• Information shown

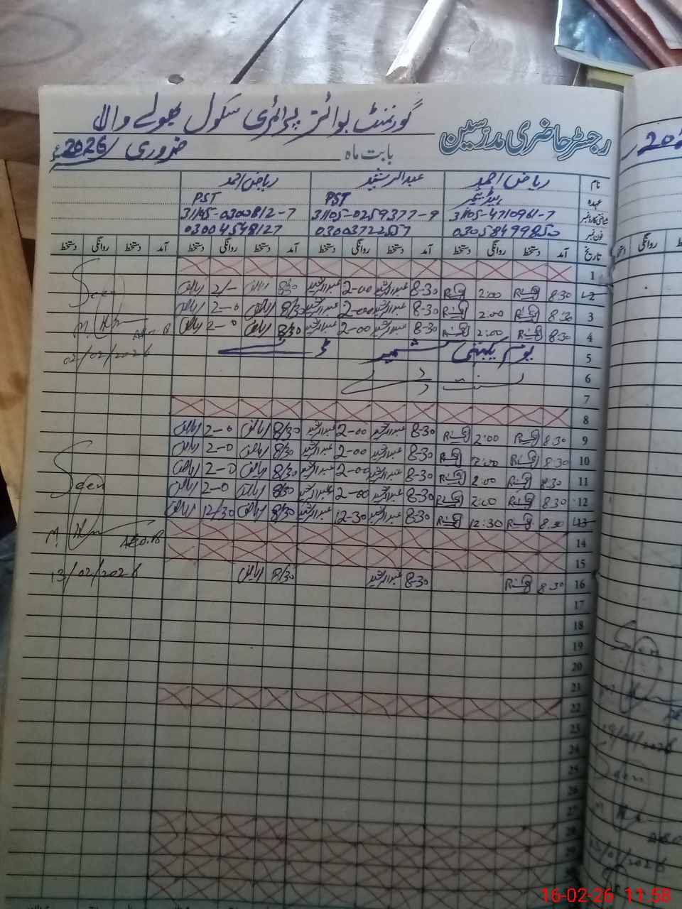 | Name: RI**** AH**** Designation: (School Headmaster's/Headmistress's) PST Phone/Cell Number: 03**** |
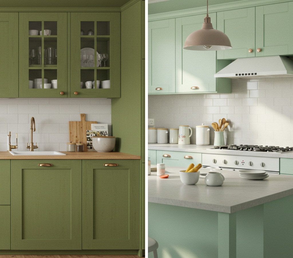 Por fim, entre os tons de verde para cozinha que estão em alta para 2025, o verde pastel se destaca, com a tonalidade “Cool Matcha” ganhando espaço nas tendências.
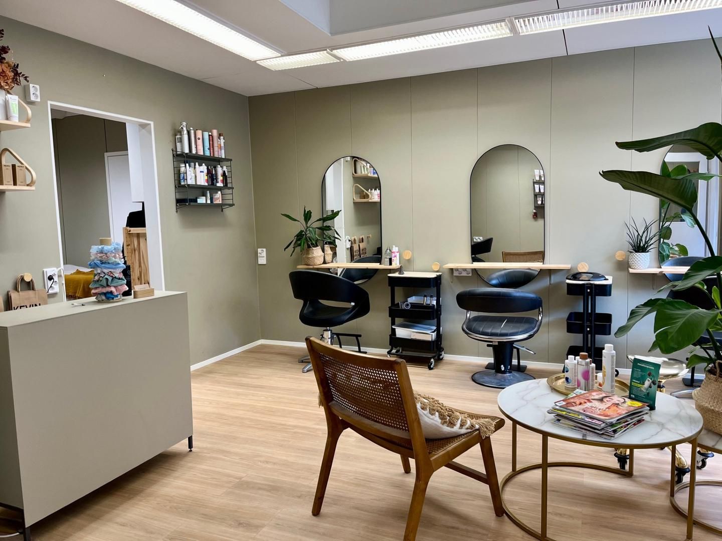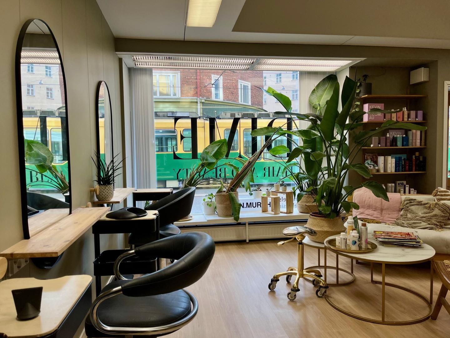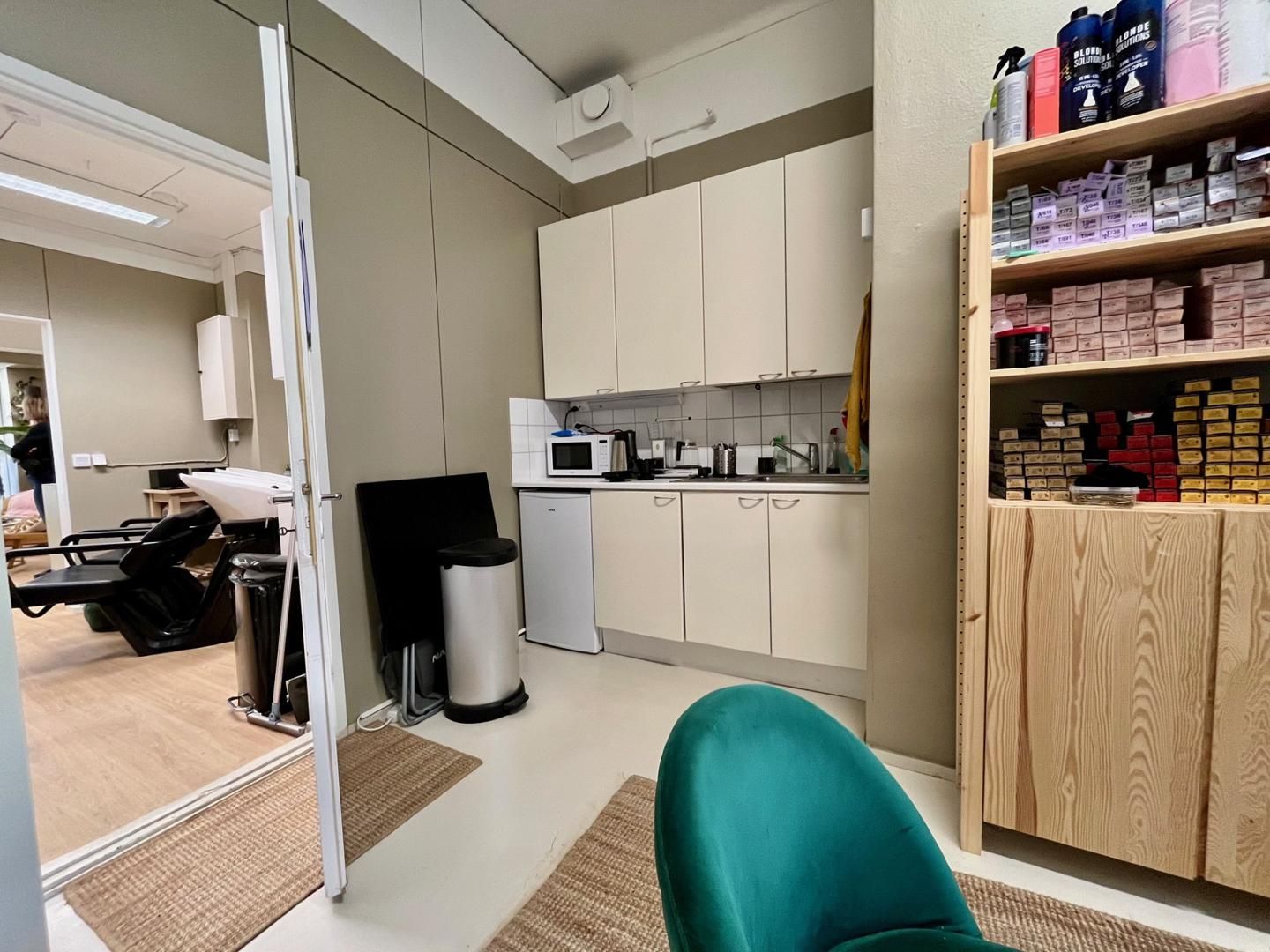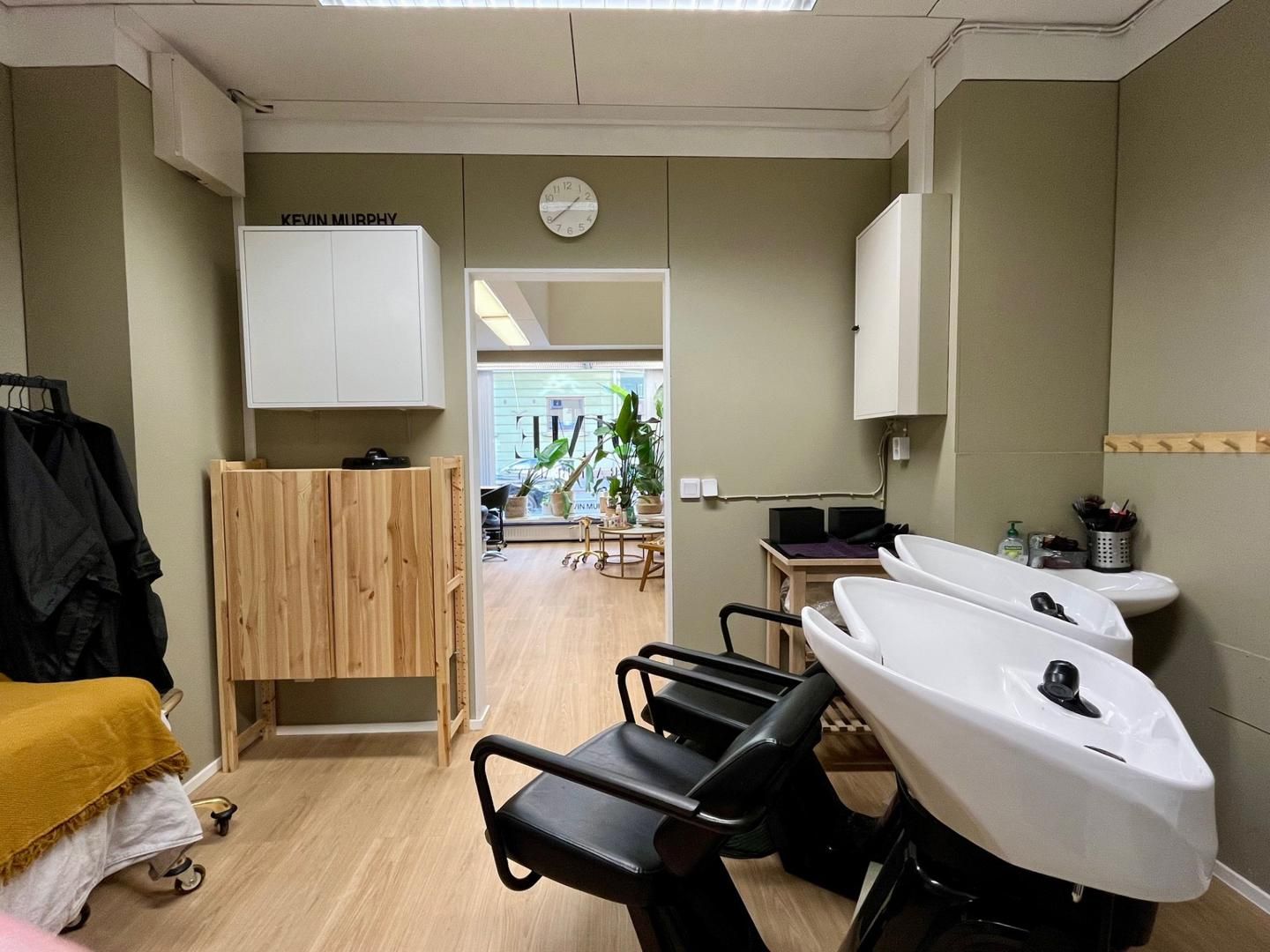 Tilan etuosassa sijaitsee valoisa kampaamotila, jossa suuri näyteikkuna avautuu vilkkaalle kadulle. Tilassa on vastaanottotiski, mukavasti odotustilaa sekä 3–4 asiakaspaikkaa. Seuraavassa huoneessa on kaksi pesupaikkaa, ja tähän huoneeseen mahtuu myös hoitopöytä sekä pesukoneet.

• Problem to work on
Could you give again precisely the lines from the one containing "Por fim, entre" through the final line of the material above, both included, and no others, dropping the pictures?

• Solved problem
 Por fim, entre os tons de verde para cozinha que estão em alta para 2025, o verde pastel se destaca, com a tonalidade “Cool Matcha” ganhando espaço nas tendências.
 Tilan etuosassa sijaitsee valoisa kampaamotila, jossa suuri näyteikkuna avautuu vilkkaalle kadulle. Tilassa on vastaanottotiski, mukavasti odotustilaa sekä 3–4 asiakaspaikkaa. Seuraavassa huoneessa on kaksi pesupaikkaa, ja tähän huoneeseen mahtuu myös hoitopöytä sekä pesukoneet.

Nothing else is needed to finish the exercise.